ALS is a terminal illness. There is no cure. There is no escape.
But as a Christian I have found over the last three years very few days when I have been discouraged or despondent, other than the first week when the shock hit of knowing that death is no longer a topic to be merely discussed but a reality to be soon embraced.
How can this be? Am I illusory, unrealistic—am I escaping into a world of denial?
And how is it that I can laugh and find amusement in little events? Or find pleasure in watching the butterflies and humming birds outside the window?
Martin Luther said, “You have as much laughter as you have faith.”
One late night an episode occurred which is but one of many ALS-related events that have caused Ruth and me to laugh every time we remember it.
Without her hearing aids, Ruth is 100% without hearing. With them she has about 30% hearing. Loss of hearing began when she was about 40 years old.
One night she had gone to bed early, shut the bedroom door, and as usual took out her hearing aids. However, she did take to bed her iPhone so that if I had any difficulty I could wake her up. Now her hearing is so bad that the only ring option she can hear sounds like a submarine alarm letting the crew know it is submerging.
I was sitting in my electric wheelchair with a blanket over my legs for warmth when I decided to change positions and sit in our recliner. My usual way to do this was to stand up from the wheelchair, take hold of my walker, and then back up with the walker into the recliner.
Well, that’s when the amusement began.
As I stood up from the wheelchair my arm hit the joy stick which is the wheelchair’s steering wheel. With that the wheelchair lurched forward, hitting me in the legs and knocking me to the floor, and with that my iPhone slide across the tile floor and out of reach.

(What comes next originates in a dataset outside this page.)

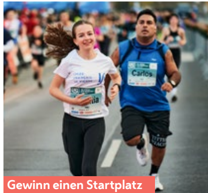
Gewinn einen Startplatz

A m 18. April bildet der Vienna 5K den Auftakt zum Vienna-City-Marathon-Wochenende. Gestartet wird am frühen Abend in zwei Wellen beim Schottentor. Die Strecke führt ein Mal um den Ring und endet vor dem Rathaus. Gehend, laufend oder walkend, mitmachen können alle, die die fünf Kilometer in maximal einer Stunde schaffen – mit offizieller Zeitmessung oder ganz ohne Platzierung.

What do I do now? I had a medical alert button on a lanyard around my neck, but I was too proud to press it and have EMS come to the rescue. Besides, it would take 15-20 minutes to arrive and I was lying on the floor where I couldn’t breathe without my ventilator. So I began yelling for Ruth to come, even though I knew she probably couldn’t hear me. Again and again I called out, but no response. Out of sheer frustration I finally pressed the medical alert button.
And just as you see on TV, the operator asked, “Do you need assistance?” And right on script I relied, “Help! I’m on the floor and I can’t get up!” And right on script she replied,, “Assistance is on its way.”
Now all of this is taking place, not in a city, or town, or even a village. We live in a rural county. The nearest town is 9 miles way. Just then Ruth did hear my second attempts to wake her up and came out of the bedroom to see what was wrong.
She exclaimed, “Oh, no! What do we do now?” My legs were too weak for me to get up even if she helped me to my knees. So I told her to roll me onto the blanket and drag me into the bedroom where she could give me the the mask for the ventilator.
After several more minutes on the floor in the bedroom, I heard someone rapping on our bedroom window and identified himself as a sheriff’s deputy.. Ruth could not hear the wrapping but I told her to open the garage door to let the deputy in.
He and Ruth were able to lift me into bed, and just then EMS arrived.
So that’s how I finally got to bed that night.
And, oh, yeh. The EMS vehicle pulled right next to a sign I had in the drive area, a replica rifle with the words, “We don’t call 911!”